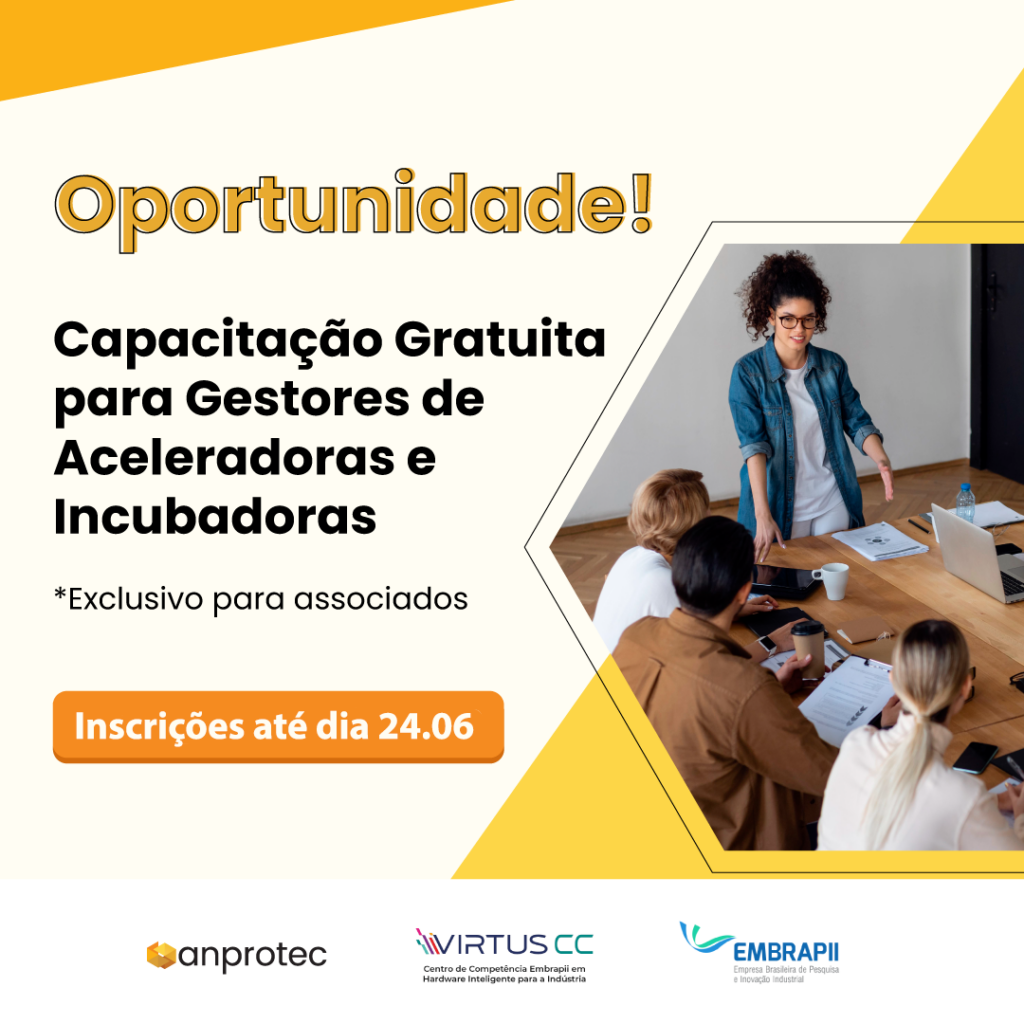 A Anprotec, em parceria com o Centro de Competência EMBRAPII VIRTUS em Hardware Inteligente para a Indústria (VIRTUS-CC), recentemente credenciado pela EMBRAPII, está lançando o programa HA.IA – Hub de Aceleração para Incubadoras e Aceleradoras. O programa oferece capacitação gratuita para gestores de aceleradoras e incubadoras associadas à Anprotec, visando fortalecer o desenvolvimento de startups em tecnologias de ponta.
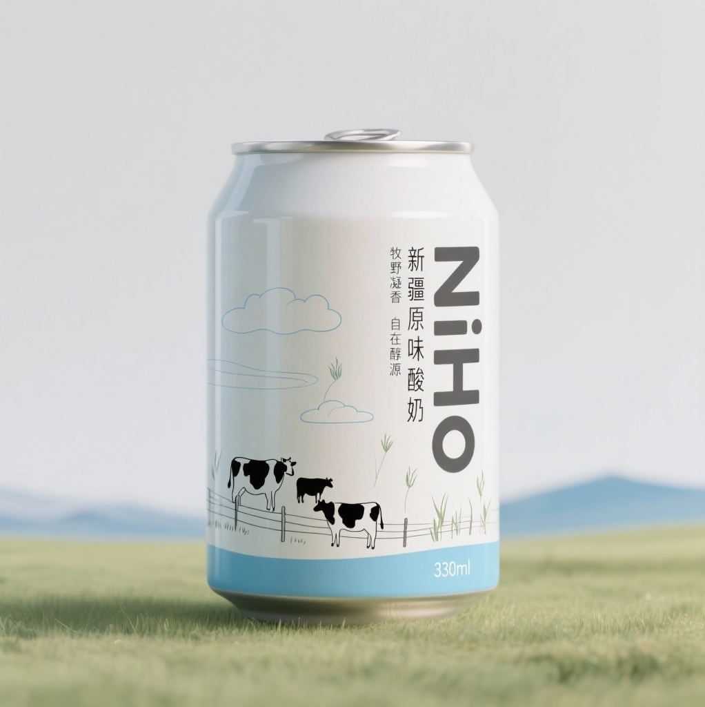 - **包装主视觉面排版**:满版图文排版(罐身以横向流动构图呈现:左侧1/3为抽象化牧场剪影——低矮围栏、三两奶牛轮廓、飘动云朵;右侧2/3大面积留白中,“NiHo”垂直居右粗体悬挂,下方错落排列“新疆原味酸奶”与宣传语,文字如牧草般自然生长于画面,底部浅蓝地平线色带收尾)
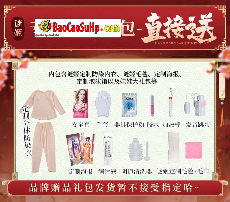 Nhà sản xuất tặng kèm một “Đại tiệc phụ kiện” cực khủng bao gồm: 1 bộ quần áo/nội y chống nhiễm màu thiết kế riêng, chăn lông mềm mại, găng tay, bao cao su, trứng rung, thanh sưởi nhiệt, phấn bảo dưỡng TPE, gel bôi trơn Axit Hyaluronic, dụng cụ thụt rửa vệ sinh và keo dán bảo dưỡng chuyên dụng.
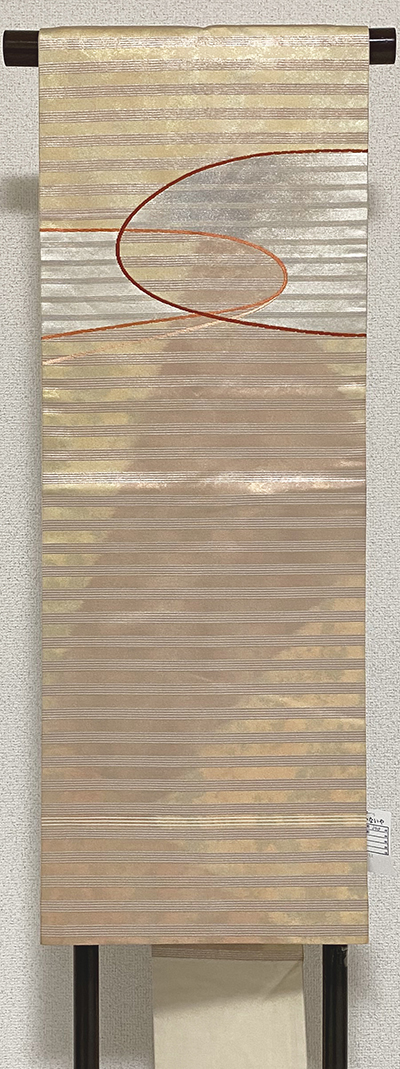 張りのある手触りで確りと打ち込まれた金糸を重ねたベージュ色とピンクベージュ色の暈しの錦地織りに、お太鼓の横線柄を銀糸で織り込み、曲線柄を黄赤濃淡で重ね織りした品。三角部分の近くに生地足しのハギがあります。
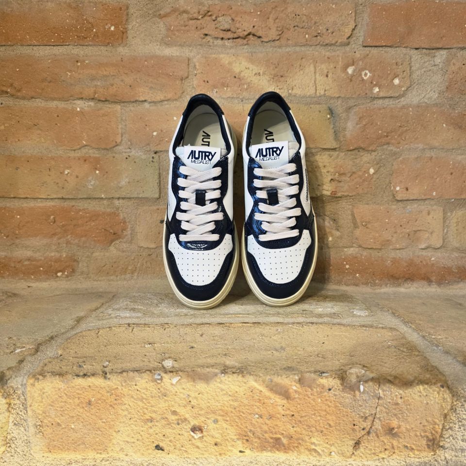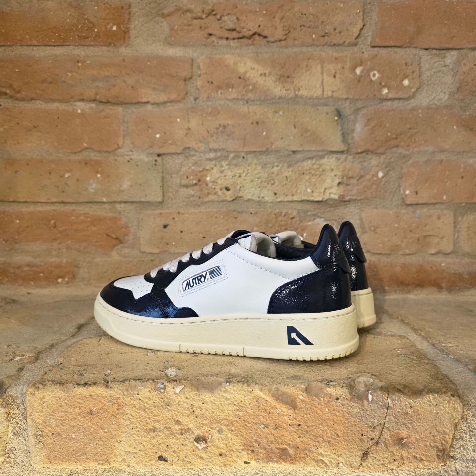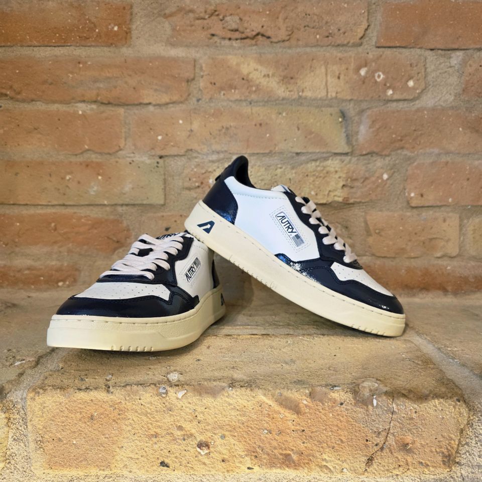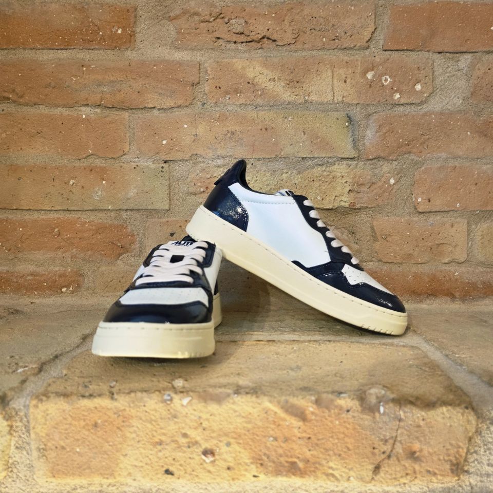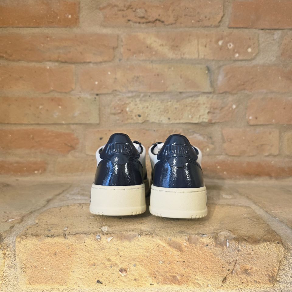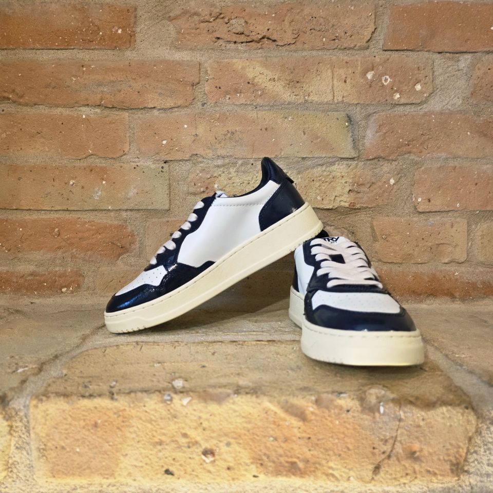 Sneakers in pelle di vitello bianca con inserti in vernice blu.
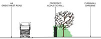 Furnivall Gardens, the stretch of green running from the A4 along the river at Hammersmith, is at the moment blighted by traffic noise. The group, Friends of Furnivall Gardens have been developing an initiative to lower the amount of noise reaching Furnivall Gardens. Their plans include building a 2.5m high acoustic and visual barrier along the edge of the park to make it a more enjoyable place for the public to spend time.
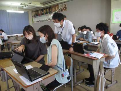 小中合同研修会 公開日 2022/07/29 更新日 2022/07/29 学校紹介 福泉南中学校,桃山台小学校,福泉中央小学校の3校の教職員が,合同研修会を実施しました。 ICTの活用についての研修会です。ICT教育で活躍中の堺市内の中学校のお二人の先生をお招きして,有意義な研修となりました。
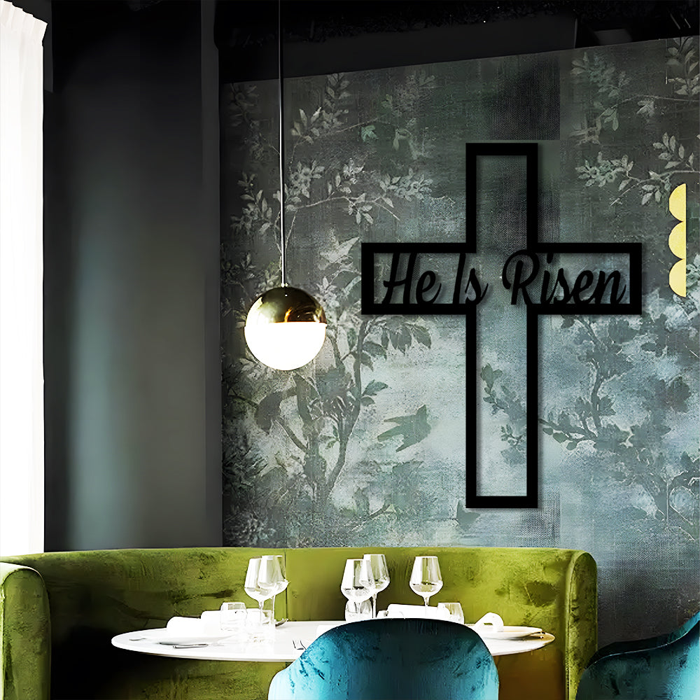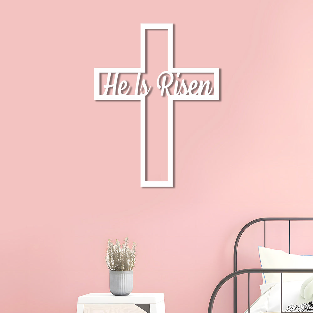 Pâques Il Est Ressuscité Croix Piquet Plaque en Métal Décoratif Mural
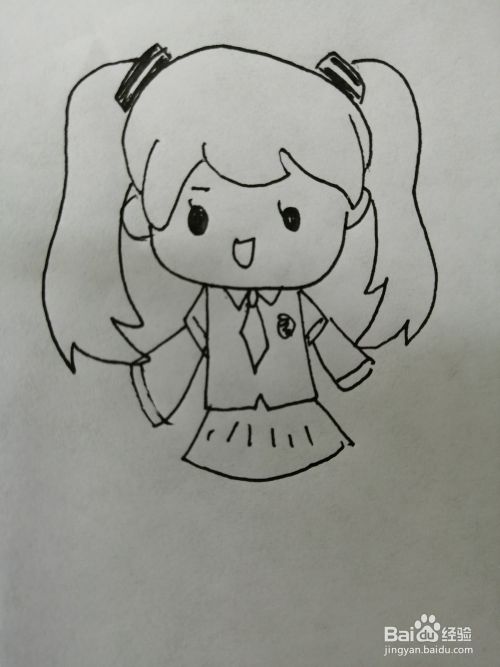 第六步,接着在可爱的小女孩的衣服下面画出漂亮的小裙子。
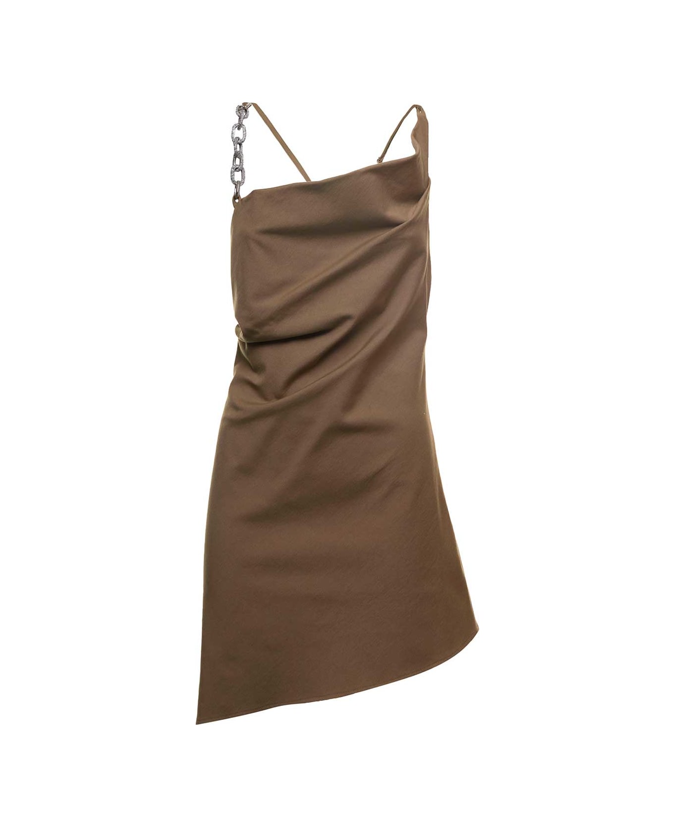 Dress Oblique neckline Beige Jersey Thin crisscross straps Chain detail on the shoulder strap Asymmetrical bottom

* Work order
Only the lines from the one containing "第六步,接着在可爱的小女孩的衣服下面画出漂亮的小裙子。" through the end of the records should be copied, exactly and with both ends included; the pictures should not.

* Answer to this problem
 第六步,接着在可爱的小女孩的衣服下面画出漂亮的小裙子。
 Dress Oblique neckline Beige Jersey Thin crisscross straps Chain detail on the shoulder strap Asymmetrical bottom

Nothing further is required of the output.